Collected data entries>
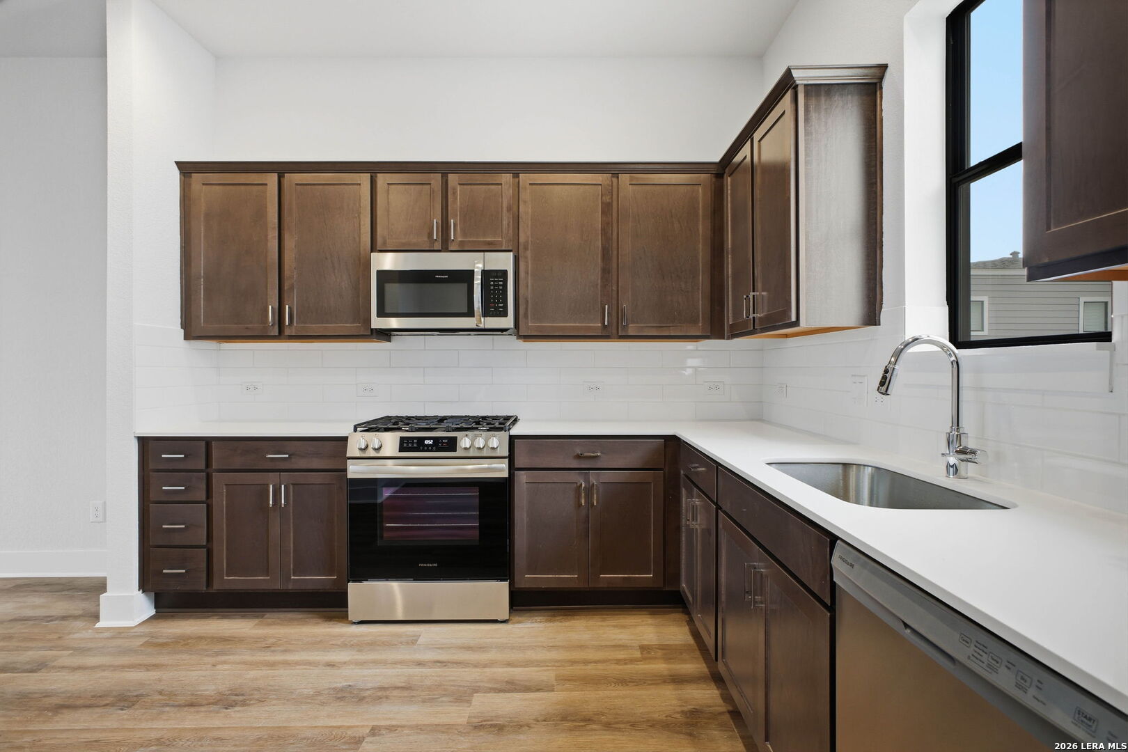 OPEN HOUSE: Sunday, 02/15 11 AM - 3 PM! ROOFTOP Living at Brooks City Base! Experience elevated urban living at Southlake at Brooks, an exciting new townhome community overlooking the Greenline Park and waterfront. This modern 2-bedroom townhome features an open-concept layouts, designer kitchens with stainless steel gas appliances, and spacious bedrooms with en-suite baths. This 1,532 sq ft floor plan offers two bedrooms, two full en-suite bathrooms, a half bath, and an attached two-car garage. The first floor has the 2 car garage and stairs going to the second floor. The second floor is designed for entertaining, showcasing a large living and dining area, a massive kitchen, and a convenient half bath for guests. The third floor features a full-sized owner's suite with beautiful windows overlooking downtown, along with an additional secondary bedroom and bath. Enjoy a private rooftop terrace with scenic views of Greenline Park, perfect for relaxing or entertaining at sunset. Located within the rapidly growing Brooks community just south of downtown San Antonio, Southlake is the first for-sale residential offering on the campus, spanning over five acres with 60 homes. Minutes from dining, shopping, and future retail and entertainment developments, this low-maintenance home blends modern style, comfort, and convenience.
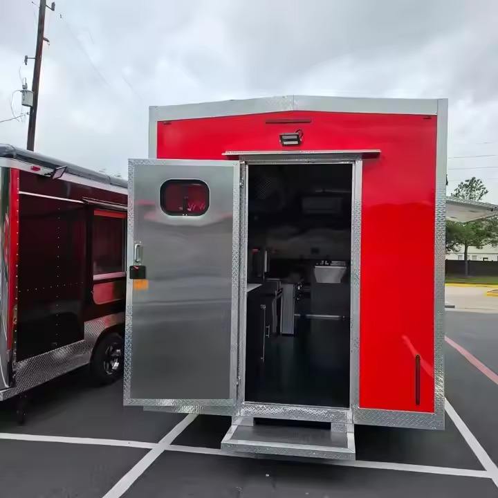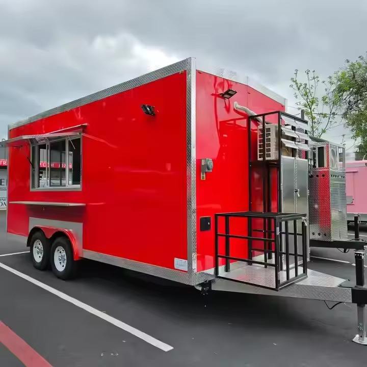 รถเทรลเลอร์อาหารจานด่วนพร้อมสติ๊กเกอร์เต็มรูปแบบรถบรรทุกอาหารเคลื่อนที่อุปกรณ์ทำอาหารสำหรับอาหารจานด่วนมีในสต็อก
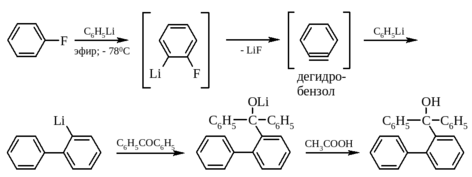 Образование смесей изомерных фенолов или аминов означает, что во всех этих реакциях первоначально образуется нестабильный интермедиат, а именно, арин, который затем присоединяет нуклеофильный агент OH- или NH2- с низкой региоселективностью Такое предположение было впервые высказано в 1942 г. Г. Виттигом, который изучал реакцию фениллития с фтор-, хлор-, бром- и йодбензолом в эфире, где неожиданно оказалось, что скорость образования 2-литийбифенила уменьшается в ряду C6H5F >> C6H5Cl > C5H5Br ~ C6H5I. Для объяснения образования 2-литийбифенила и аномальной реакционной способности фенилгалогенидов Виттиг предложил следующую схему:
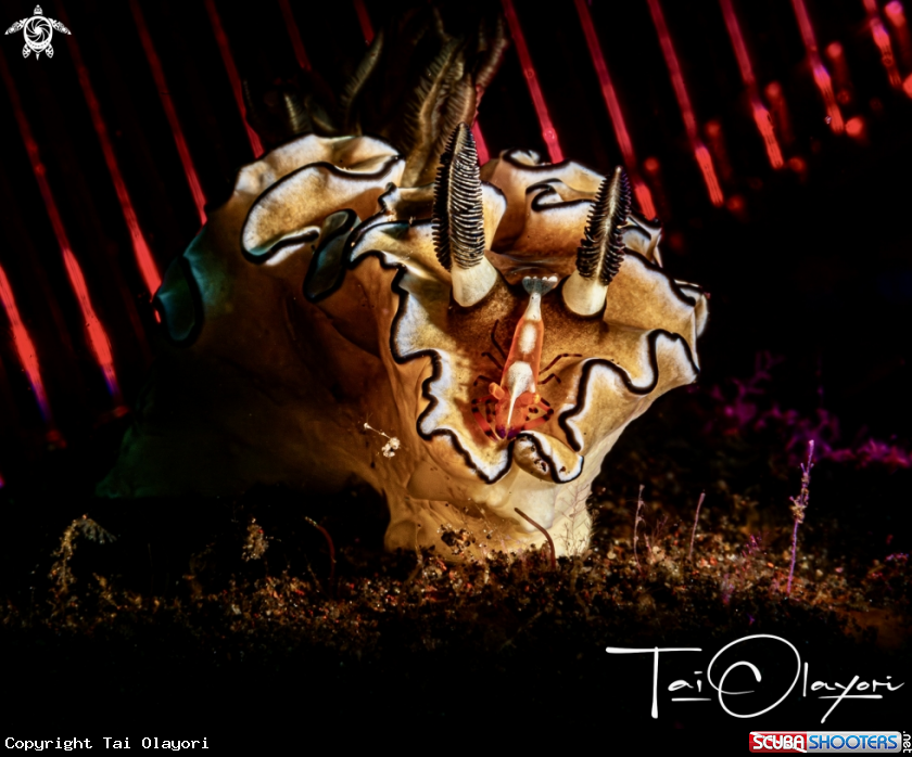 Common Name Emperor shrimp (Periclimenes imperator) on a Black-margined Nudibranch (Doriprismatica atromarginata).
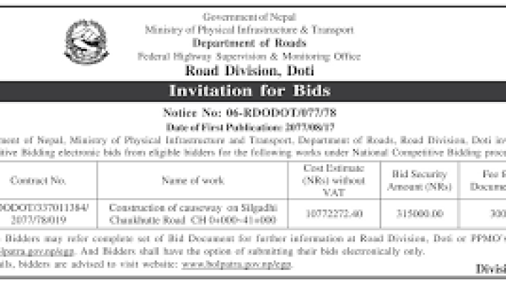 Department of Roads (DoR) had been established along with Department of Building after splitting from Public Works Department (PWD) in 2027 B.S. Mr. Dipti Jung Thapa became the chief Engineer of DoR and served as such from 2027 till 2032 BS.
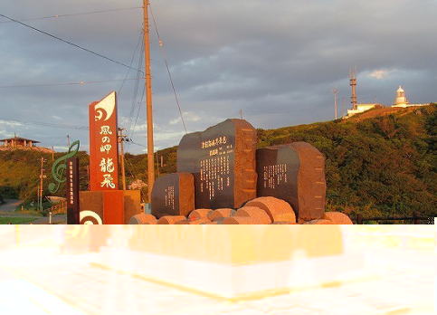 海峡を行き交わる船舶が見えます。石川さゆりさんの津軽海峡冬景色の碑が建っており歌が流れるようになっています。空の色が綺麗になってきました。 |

YOUR ASSIGNMENT> Give back exactly the lines from the one containing "รถเทรลเลอร์อาห" to the final line of the entries, both included, and no picture.

OUTPUT OF THE TASK>
 รถเทรลเลอร์อาหารจานด่วนพร้อมสติ๊กเกอร์เต็มรูปแบบรถบรรทุกอาหารเคลื่อนที่อุปกรณ์ทำอาหารสำหรับอาหารจานด่วนมีในสต็อก
 Образование смесей изомерных фенолов или аминов означает, что во всех этих реакциях первоначально образуется нестабильный интермедиат, а именно, арин, который затем присоединяет нуклеофильный агент OH- или NH2- с низкой региоселективностью Такое предположение было впервые высказано в 1942 г. Г. Виттигом, который изучал реакцию фениллития с фтор-, хлор-, бром- и йодбензолом в эфире, где неожиданно оказалось, что скорость образования 2-литийбифенила уменьшается в ряду C6H5F >> C6H5Cl > C5H5Br ~ C6H5I. Для объяснения образования 2-литийбифенила и аномальной реакционной способности фенилгалогенидов Виттиг предложил следующую схему:
 Common Name Emperor shrimp (Periclimenes imperator) on a Black-margined Nudibranch (Doriprismatica atromarginata).
 Department of Roads (DoR) had been established along with Department of Building after splitting from Public Works Department (PWD) in 2027 B.S. Mr. Dipti Jung Thapa became the chief Engineer of DoR and served as such from 2027 till 2032 BS.
 海峡を行き交わる船舶が見えます。石川さゆりさんの津軽海峡冬景色の碑が建っており歌が流れるようになっています。空の色が綺麗になってきました。 |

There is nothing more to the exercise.